Trade, trade, and trade. That summarises the newsflow over the past 24 hours with a number of headlines around the simmering trade tensions. Yesterday we mentioned an FT report that suggested imminent US curbs on Chinese investment. Later reports fleshed out more detail on this, with an announcement due on 29 June on the limits of Chinese investment that the US will place on certain industries, as well as the possibility of export controls on sensitive products. An early morning tweet by Trump added to the tensions, as he suggested US reciprocity to any trade barriers that the country currently faces unless they are removed.
In overnight news, (1) the WSJ’s lead article is a report of President Xi telling a group of 20 mostly American and European multinational chief executives last week that Beijing plans to strike back against US trade policy; (2) China and the EU will team up to oppose trade protectionism and promote globalisation, setting up a working group to modernise the WTO; (3) there are talks of behind the scenes clashes between US trade advisor Navarro, who prefers a hardline approach to trade and US Treasury Secretary Mnuchin, who favours a softer approach; and (4) Harley Davidson plans to shift production for EU destinations from the US to international facilities to avoid retaliatory EU tariffs initiated last week.
In general, over recent months the market has taken a fairly relaxed attitude to the rising trade tensions but concern seems to be now growing that ultimately it might lead to a weaker global economic outlook. European equity markets were down by over 2% and the S&P500 is currently down 1.8%. With this backdrop, commodity currencies have underperformed but movements have been modest. The AUD is the worst performing, down 0.4% to 0.7405. The NZD spent most of the night below 0.69 but it has since recovered to around that level.
Safe-havens JPY and EUR have outperformed, both up in the order of 0.5%. EUR is back up through 1.17, now having unwound about half of the fall seen post the ECB meeting a week and a half ago. There was little reaction to Germany’s IFO index, which showed further slippage in the business climate index, as expected, while the expectations index was steady, slightly beating expectations. Ongoing negative headlines about Brexit haven’t had much impact on GBP, which is a touch higher. BMW warns Brexit could force UK plant closures, following news last week of other companies voicing similar concerns about the uncertainty caused by Brexit, including Airbus.
Of note in FX markets, it looks like the PBoC is prepared to engineer a weaker currency in light of recent softer credit and activity data, and possible negative impact from the US-China trade war. USD/CNY has pushed up through 6.54, its highest level for the year. The CNY against a basket of currencies was on a decisive upward trend from August through to May, rising by nearly 6% and has unwound a third of that gain in the space of two weeks. A weaker currency is a tool at the disposal of China to counteract Trump’s trade measures, although the PBoC needs to be careful that it doesn’t spook the market and trigger resurgent capital outflows.
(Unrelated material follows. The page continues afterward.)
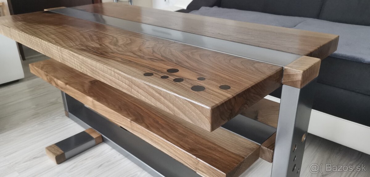 Predam ručne vyrobený konferenčný stôl z orechového dreva a zeleza časti zaliate živicou.

Bond market reaction to the trade news has been well contained. The US 10-year rate fell about 2bps during the local trading session and yields have been flat to slightly higher since, currently 2.87%. That move supported slightly lower NZ rates yesterday, with longer term swap rates down by 1bp and longer term government bond yields down in the order of 2-3bps.
In the day ahead the calendar remains light, with a couple of Fed speakers out tomorrow morning. Focus no doubt will remain on further developments in the trade war.